There are only two magical quantiles that will allow this type of reduction: q(0) and q(1). The minimum of a set of minimums is indeed the global minimum; the same is true for maximums. Do you know what the q(0.999) of the a set of q(0.999)s is? Or what the average of a set of q(0.999)s is? Hint: it’s not the answer you’re looking for. Basically, if you have a set of 288 quantiles representing each of the day’s five minute intervals and you want the quantile for the whole day, you are simply out of luck. Because math.

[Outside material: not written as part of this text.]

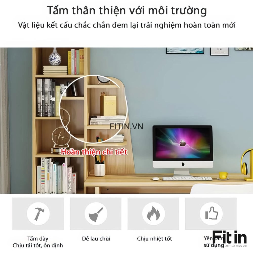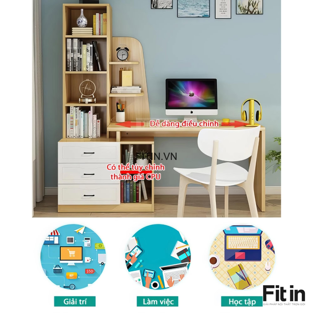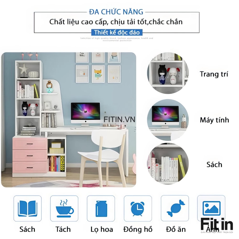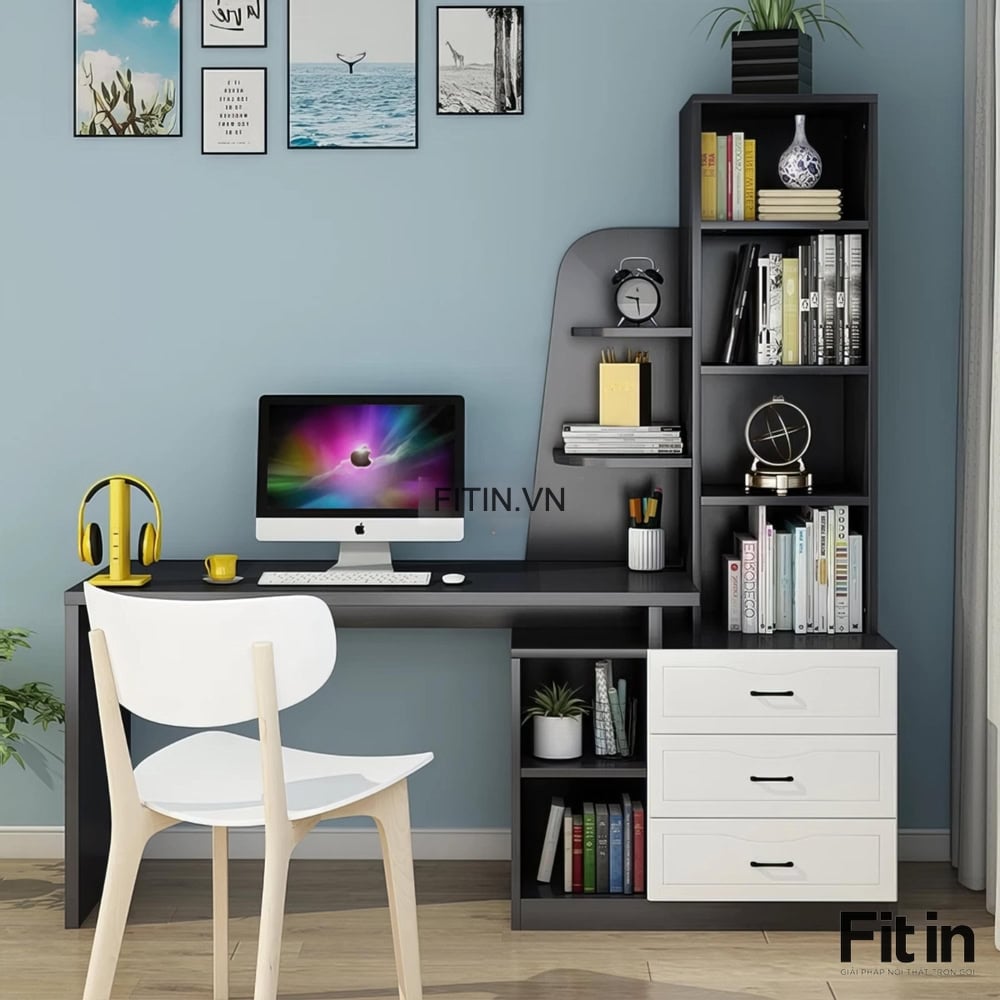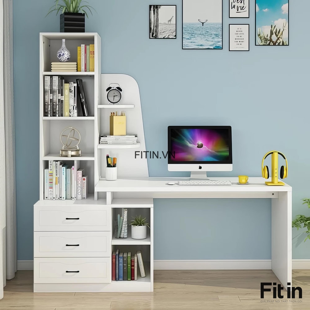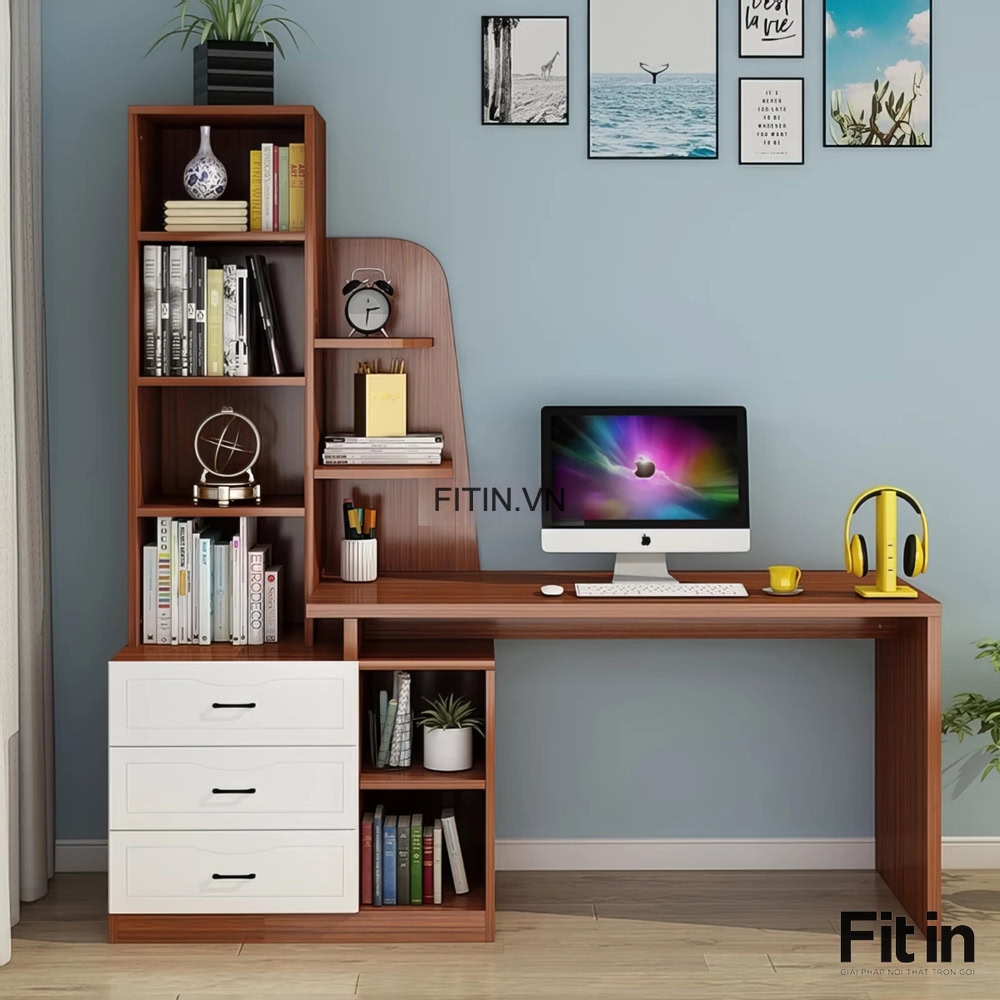 Mẫu Bàn Làm Việc Gỗ MDF Kèm Kệ Sách Và Hộc Tủ Tiện Ích

In fact, the situation is quite dire. If I calculated the quantile of the aforementioned 9:00 to 9:05 time interval where ten samples of 1500 are 200ms, the q(0.999) is 200ms despite the other 1490 samples being faster than 100ms. Devastatingly, if the other 1490 samples were 150ms (such that every single request was over the prescribed 100ms limit), the q(0.999) would still be 200ms. Because I’ve tossed the original samples, I have no idea if all of my samples violated the SLA or just 0.1% of them. In the worst case scenario, all of them were “too slow” and now I have 3000 request that were too slow. While 20 requests aren’t enough to break the day, 3000 most certainly are and my whole day is actually in violation. Because the system I’m using for collection quantile information is doing math wrong, the only reasonable answer to “did we violate the SLA today?” is “I don’t know, maybe.” It doesn’t need to be like this – Circonus calculates these quantiles correctly.

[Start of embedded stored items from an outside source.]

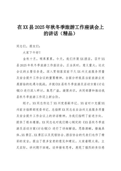 【七哥公文】2025年:在XX县2025年秋冬季旅游工作座谈会上的讲话(精品)+更多免费公文+VX:QiGeGongWen2024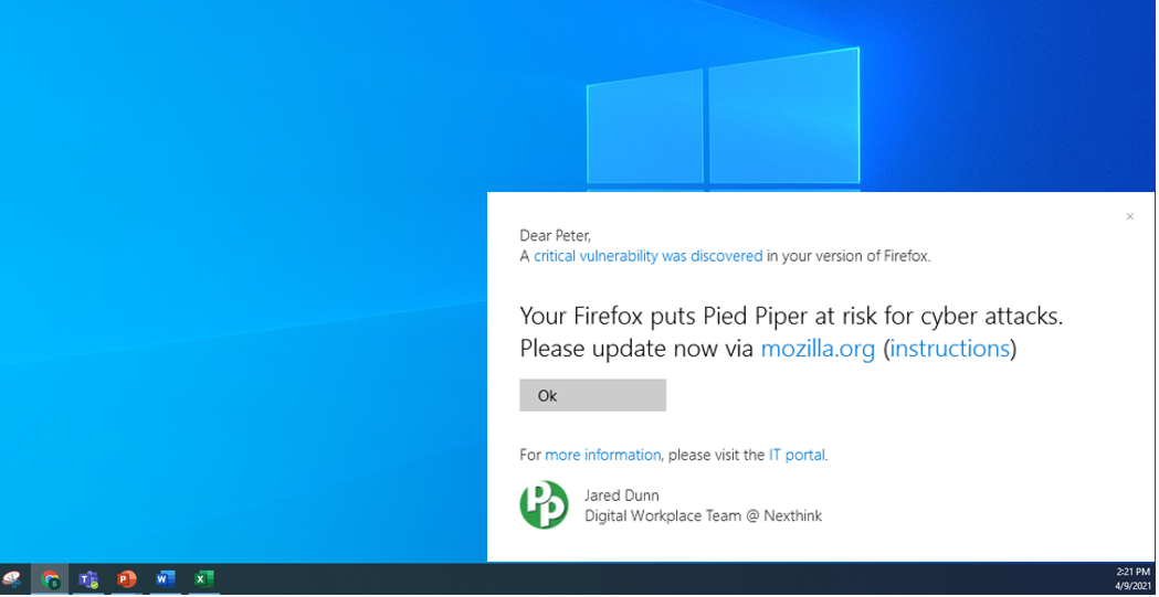 For example, here’s a real vulnerability that occurred with Mozilla Firefox in the fall of 2020. With the right experience tools, IT can pivot quickly and alert employees to update to a new version. This subtle action can save teams the headache of having to respond to tickets from employees or having to repair any damage done from a cyber breach.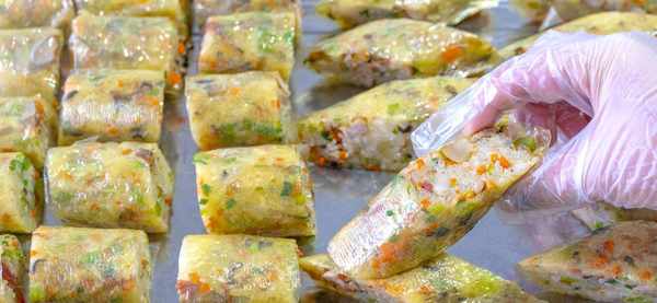 14、然后取一张出来铺上一条糯米饭,两边对着后再卷起来。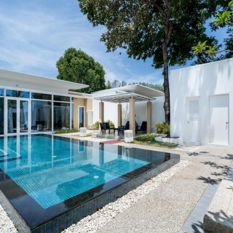 A Peaceful Retreat for a Relaxing Family Vacation. A modern home with a beautiful, cozy interior and a view of a spacious garden. The villa is just a 3-minute walk from the beach. Floor-to-ceiling glass walls and doors, bright living spaces and bedrooms, an incredible pool, and a jacuzzi â this is what holiday dreams are made of!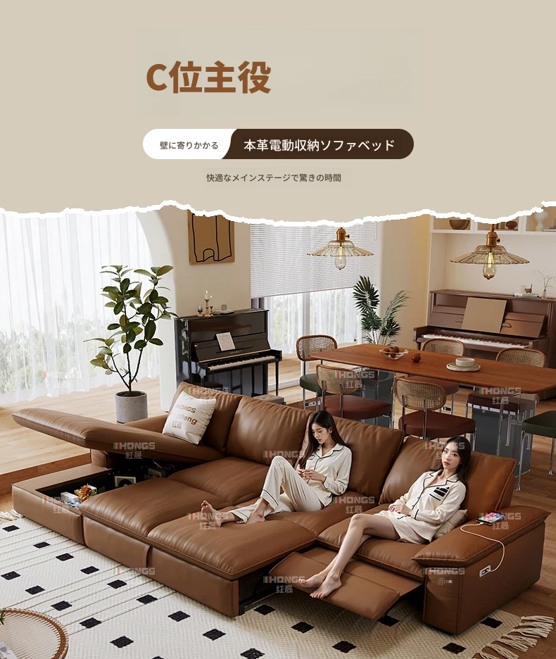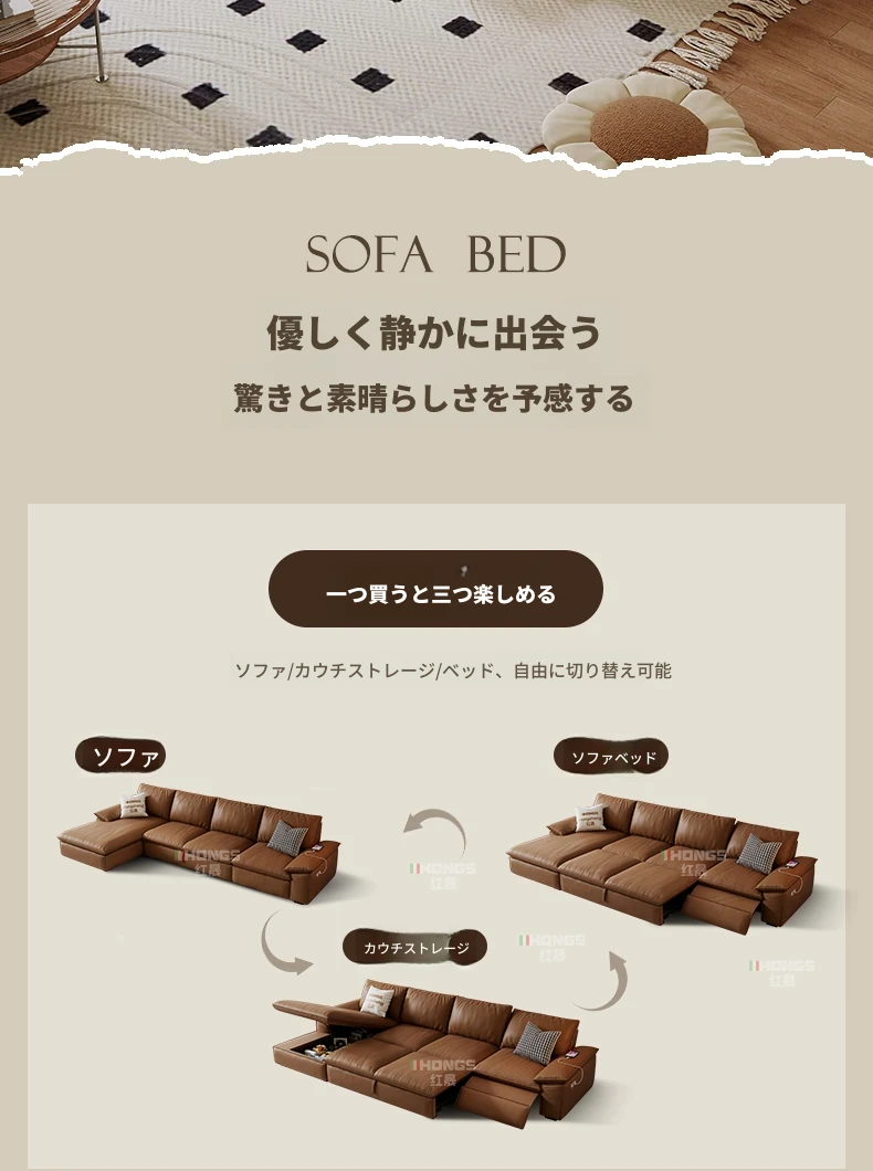 2025年新款!红晟多功能電動ソファ - アメリカンレトロデザインの小型リビング用ソファベッド、折りたたみ式で便利!快適な空間を演出し、あなたのライフスタイルにぴったりです。

An aside on SLAs: While some of this might be a bit laborious to follow, the takeaway is to be very careful how you articulate your SLAs or you will often have no idea if you are meeting them. I recommend calculating quantiles on a day-to-day basis (and that all days are measured by UTC so the abomination that is daylight savings time never foils you). So to restate the example SLA above: 99.9% or more of the requests occurring on a 24-hour calendar day (UTC) shall be serviced in 100ms or less time. If you prefer to keep your increments of failure lower, you can opt for an hour-by-hour SLA instead of a day-by-day one. I do not recommend stating an SLA in anything less that one hour spans.

Bad math in monitoring – don’t let it happen to you

Quantiles are an example where the current methods that most tools use are simply wrong and there is no trick or method that can help. However, something that I’ve learned working on Circonus is how often other tools screw up even the most basic math. I’ll list a few examples in the form of tips, without the indignity of attributing them to specific products. (If you run any of these products, you might recognize the example… or at some point in the future you will either wake up in a cold sweat or simply let loose a stream of astounding explicatives.)

The average of a set of minimums is not the global minimum. It is, instead, nothing useful.
The simple average of a set of averages of varying sample sizes isn’t the average of all the samples combined. It is, instead, nothing useful.
The average of the standard deviations of separate sets of samples is not the standard deviation of the combined set of samples. It is, instead, nothing useful.
The q(v) of a set of q(v) calculated over sample sets is not the q(v) of the combined sample set. While creative, it is nothing useful.
The average of a set of q(v) calculated over sample sets is, you guessed it, nothing useful.
The average of a bunch of rates (which are nothing more than a change in value divided by a change in time: dv/dt) with varying dts is not the damn average rate (and a particularly horrible travesty).

At Circonus we learned early on that math is both critically important to our mission and quite challenging for many of our customers to understand. This makes it imperative that we not screw it up. Many new adopters contact support asking for an explanation as to why the numbers they see in our tool don’t match their existing tools. We have to explain that we thought they deserved the right answer. As for their existing tools: that’s not how it works; that’s not how any of this works.